309. Di Micco R, Sulli G, Добрева М, Liontos М, Botrugno OA, Гаржьюло G, dal Zuffo R, Матти V,et al..: Взаимодействие между онкоген-индуцированного повреждения ДНК и гетерохроматина в старение и рак.

     Nat Cell Biol 2011, 13:292-302. 

310. Baschnagel, Руссо, Бурган мы, Картер D, Луч K, Palmieri D, Штеге PS, Tofilon P, Camphausen K: См. текущие исследования раздел повышает радиочувствительность рака молочной железы мозга метастатической клеточной линии, выращенных in vitro и как внутричерепное ксенотрансплантатов.

     Mol Cancer Ther 2009, 8:1589-1595. 

311. Camphausen K, Скотт T, Спрулл М, Tofilon PJ: Повышение ксенотрансплантат опухоли радиочувствительность по ингибитора гистондеацетилазы MS-275 и корреляции с histone hyperacetylation.

     Clin Cancer Res 2004, 10:6066-6071. 

312. Camphausen K, Cerna D, Скотт T, Спрулл М, Бурган мы, Cerra мА, изысканные ч, Tofilon PJ: Совершенствование in vitro и in vivo опухолевых клеток, радиочувствительность, вальпроевая кислота.

     Int J Cancer 2005, 114:380-386. 

313. Ген L, Кунео KC, Fu A, Tu T', Atadja PW, Hallahan DE: Деацетилазы гистонов (HDAC) ингибитор LBH589 увеличивает продолжительность гамма-H2AX очагов и границ HDAC4 в цитоплазму в облученных nonsmall рак легкого.

     Cancer Res 2006, 66:11298-11304. 

314. Кунео KC, Фу, Osusky K, Huamani J, Hallahan де, Geng Л: Ингибитор гистондеацетилазы NVP-LAQ824 знакомит человека nonsmall рак легкого на цитотоксические эффекты ионизирующего излучения.

     Противораковые Препараты 2007, 18:793-800. 

315. Энтин-М Meer, Yang X, Ванденберг SR, Lamborn КР, Нудельман, Rephaeli, Haas-Коган DA: In vivo эффективность нового ингибитора гистондеацетилазы в сочетании с излучением для лечения глиомы.

     Нейро Онкол 2007, 9:82-88. 

316. Лопес G, Liu J, Рен W, Вэй Вт, Wang S, Лахат G, Zhu QS, Bornmann РГ, Макконки диджей, Поллок RE, Лев DC: Сочетая PCI-24781, роман ингибитор гистондеацетилазы, с химиотерапией для лечения саркомы мягких тканей.

     Clin Cancer Res 2009, 15:3472-3483. 

317. Purrucker JC, Фрике, Онг MF, Rübe C, Rübe CE, Mahlknecht U: Ингибирование HDAC radiosensitizes человеческих клеток нормальной ткани и снижает DNA Double-Strand Break repair потенциала.
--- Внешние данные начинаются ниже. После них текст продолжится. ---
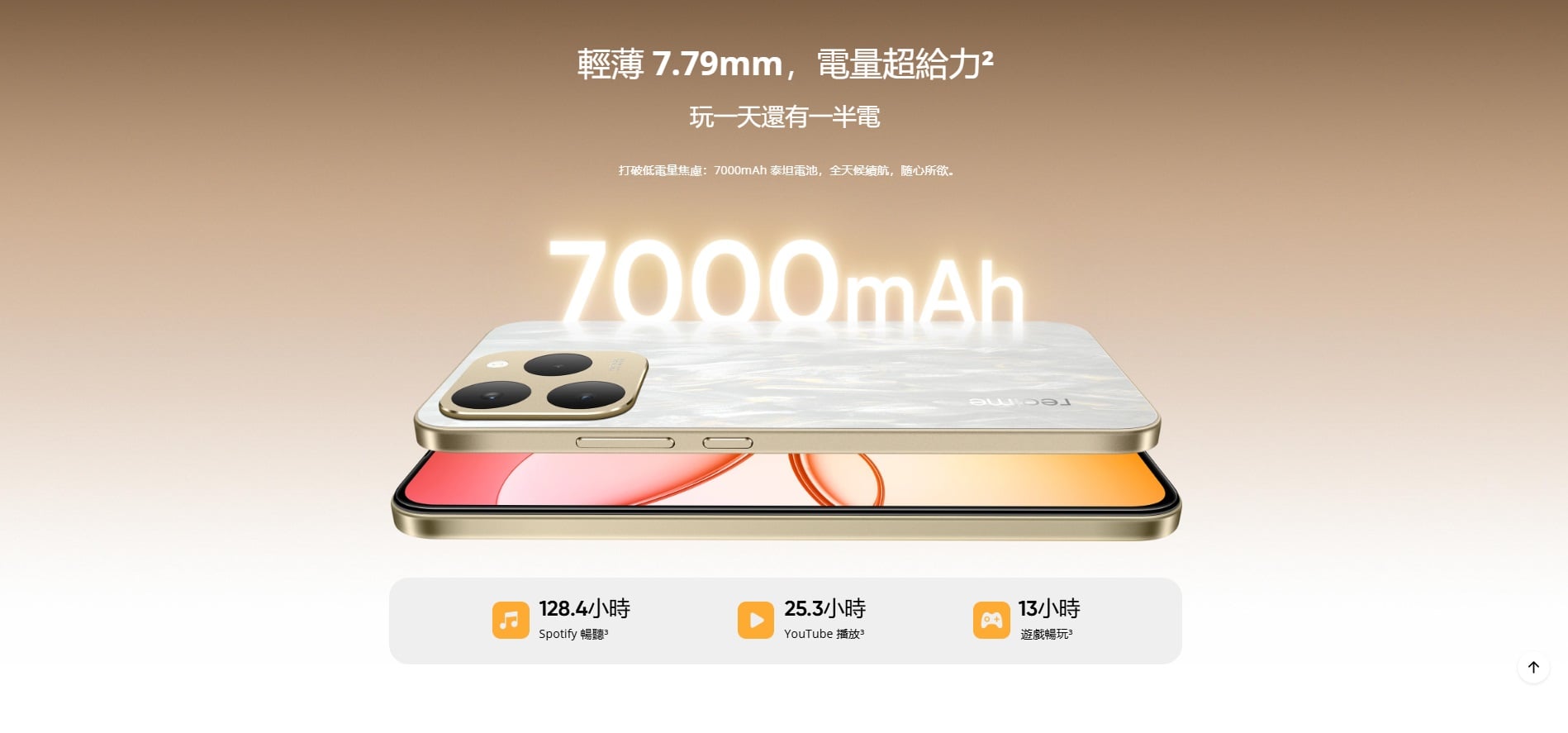 續航力是 realme 15T 的最大賣點之一,搭載 7000mAh 超大電量泰坦電池,可連續使用超過一整天: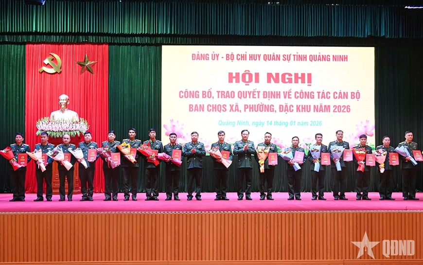 Thường vụ Đảng ủy Quân sự tỉnh đã tổ chức trao quyết định đối với 54 đồng chí cán bộ giữ chức vụ Chỉ huy trưởng Ban CHQS xã, phường, đặc khu. Đây là những cán bộ cơ bản đang đảm nhiệm các chức vụ Phó chỉ huy trưởng, Phó tham mưu trưởng Ban Chỉ huy phòng thủ khu vực, Trung đoàn; Trưởng ban các cơ quan Bộ CHQS tỉnh; cán bộ đã kinh qua cương vị chỉ huy tiểu đoàn. Các đồng chí đều có bản lĩnh chính trị vững vàng, được đào tạo cơ bản, có quá trình rèn luyện, thử thách qua thực tiễn công tác, luôn gương mẫu, chấp hành nghiêm nền nếp chính quy, kỷ luật, hoàn thành tốt nhiệm vụ được giao.

     Oncol Рэп 2010, 23:263-269. 

318. Wang LH, Пфистер TD, пергамент RE, Kummar S, Рубинштейн Л, Эврар YA, Гутьеррес меня, Murgo AJ, Томашевский JE, Doroshow JH, Kinders RJ: Мониторинга наркотиков индуцированных gammaH2AX как фармакодинамических биомаркеров в отдельных циркулирующих опухолевых клеток.

     Clin Cancer Res 2010, 16:1073-1084. 
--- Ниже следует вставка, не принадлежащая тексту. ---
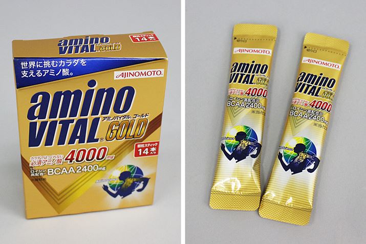 アミノ酸補給が手軽にできるとして人気が高いのが、味の素「アミノバイタル」。いくつかの種類がありますが、運動後の体のリカバリーには「アミノバイタル GOLD」が適するようです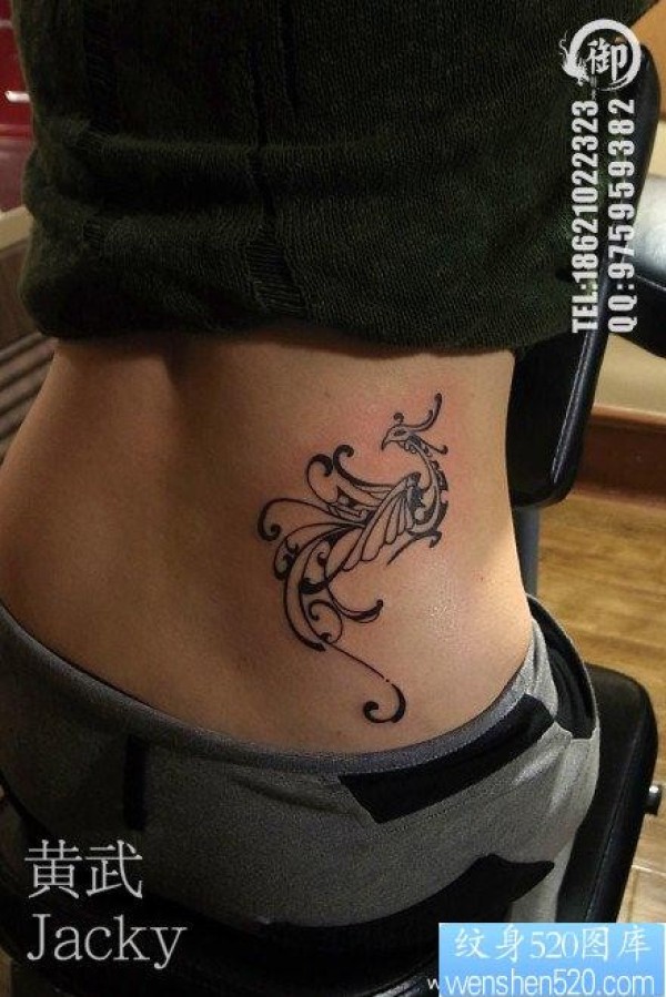 美女腰部漂亮潮流的图腾凤凰纹身图片_凤凰纹身图案大全_纹身图吧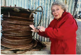 Helen Valentine pointing to a bail of cable wire at Taave’s Boat Yard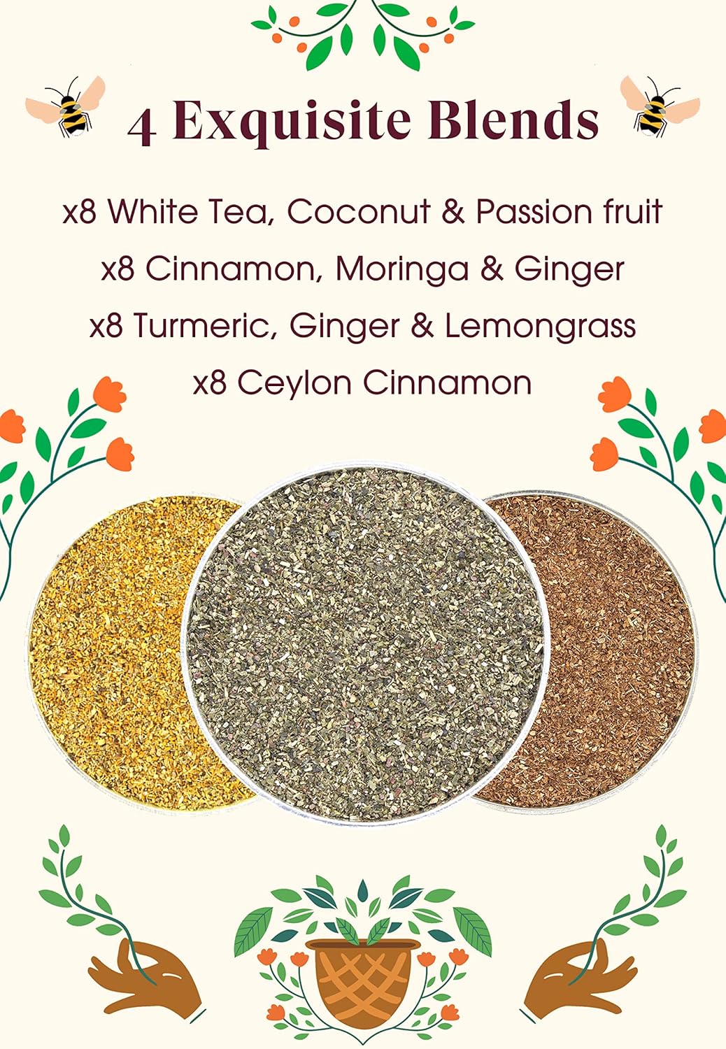 Ingredients: "English Breakfast - Organic Black Tea. Ingredients: Organic black tea* (100%). * Traded in compliance with Fairtrade Standards." "Earl Grey - Organic Black Tea with Bergamot. Ingredients: Organic Ceylon black tea* (95%), organic bergamot oil (5%). * Traded in compliance with Fairtrade Standards." "Chamomile Lavender - Organic Herbal Tea with Chamomile and Lavender. Ingredients: Organic chamomile (70%), organic lavender (30%)." "Lemongrass, Citrus & Ginger - Organic Herbal Tea with Lemongrass, Citrus and Ginger. Ingredients: Organic lemongrass (49%), organic orange peels (24%), organic ginger (22%), organic lime oil (2.5%), organic mandarin oil (2.5%)." "Super Berries - Organic Hibiscus Herbal Tea with Rooibos, Strawberries, Blueberries and Raspberries. Ingredients: Organic hibiscus (63%), organic rooibos (19%), natural flavourings (5%), organic spearmint (4%), organic raspberries (3%), organic strawberries (3%), organic blueberries (3%). " "White Tea, Coconut & Passion Fruit - Organic White Tea with Lemongrass, Cocoa, Ginger, Passion Fruit & Coconut. Ingredients: Organic white tea (63.5%), organic lemongrass (14%), organic cocoa (8%), organic ginger (6%), natural flavourings (5%), organic passion fruit flower (3%), organic coconut (0.5%)." "Chocolate, Rooibos & Vanilla - Organic Rooibos Herbal Tea, Cocoa nibs and Vanilla pods. Ingredients: Organic rooibos (88.5%), organic cocoa nibs (6%), natural flavourings (5%), organic vanilla pods (0.5%). " "Energise Me - Organic Herbal Tea with Spearmint, Peppermint, Blackberry and Ginseng. Ingredients: Organic spearmint (34%), organic peppermint (20%), organic blackberry leaves (12%), organic rooibos (7%), organic nettle leaves (7%), organic ginger roots (6%), organic lemongrass (5%), organic cinnamon (5%), organic elderflower (2%), organic ginseng (2%)." Turmeric (Curcuma), Ginger & Lemongrass - Organic Herbal Tea with Ginger, Turmeric, Lemongrass, Licorice, Cloves, Lemon, Cardamom, Pepper and Cumin Seeds. Ingredients: Organic ginger (30%), organic turmeric (30%), organic lemongrass (14%), organic licorice (7%), organic cloves (6%), organic lemon peels (4%), organic cardamom (4%), organic black pepper (3%), organic cumin seeds (2%). âContains licorice - people suffering from hypertension should avoid excessive consumptionâ

319. Фонг ПК, Boss DS, яп TA, A Tutt, Wu P, Мергуи-Roelvink М., Мортимер П:Ингибирования поли(АДФ-рибоза) - полимеразы в опухолях, от носителей мутации BRCA.
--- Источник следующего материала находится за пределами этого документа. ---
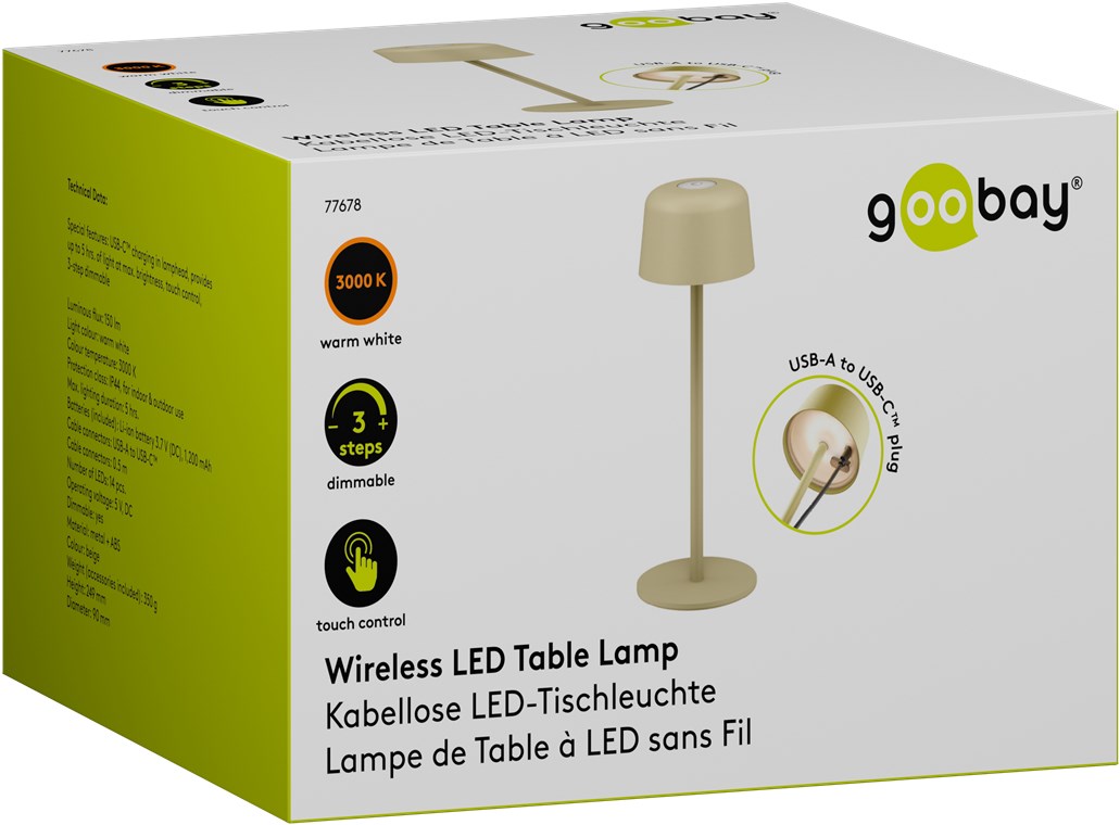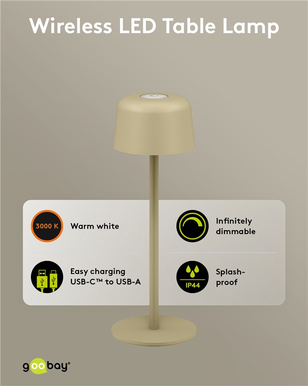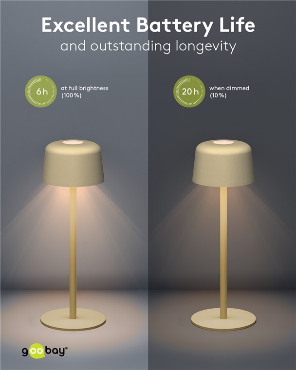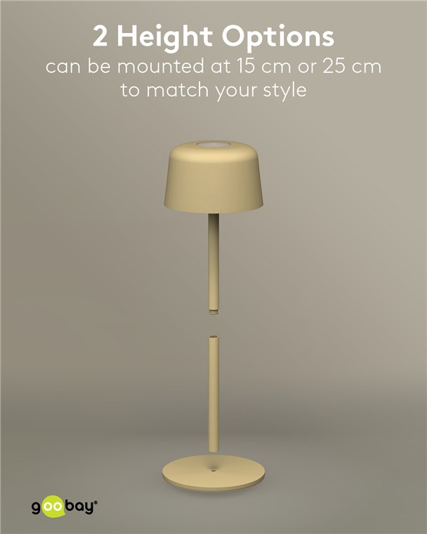Die kleine Tischlampe veredelt mit ihrem reduzierten, skandinavischen Design jedes Wohnzimmer, Schlafzimmer oder Esszimer und setzt auch auf der Gartenparty ein Style-Statement. Gefertigt aus hochwertigem, massivem Metall, steht die innovative Goobay-Leuchte für Qualität und Langlebigkeit.

     N Engl J Med 2009, 361:123-134. 

320. Редон CE, Накамура AJ, Чжан YW, Ji JJ, Боннер WM, Kinders RJ, пергамент RE, Doroshow JH, Pommier Y: Гистон gammaH2AX и поли(ADP-рибозы) в качестве клинических фармакодинамических биомаркеров.

     Clin Cancer Res 2010, 16:4532-4542. 

321. Zupkovitz G, Grausenburger R, Brunmeir R, Senese S, Tischler J, et al..: Циклин-зависимые киназы ингибитор р21 является важной мишенью для гистондеацетилазы 1 в качестве регулятора клеточной пролиферации.

     Mol Cell Biol 2010, 30:1171-1181.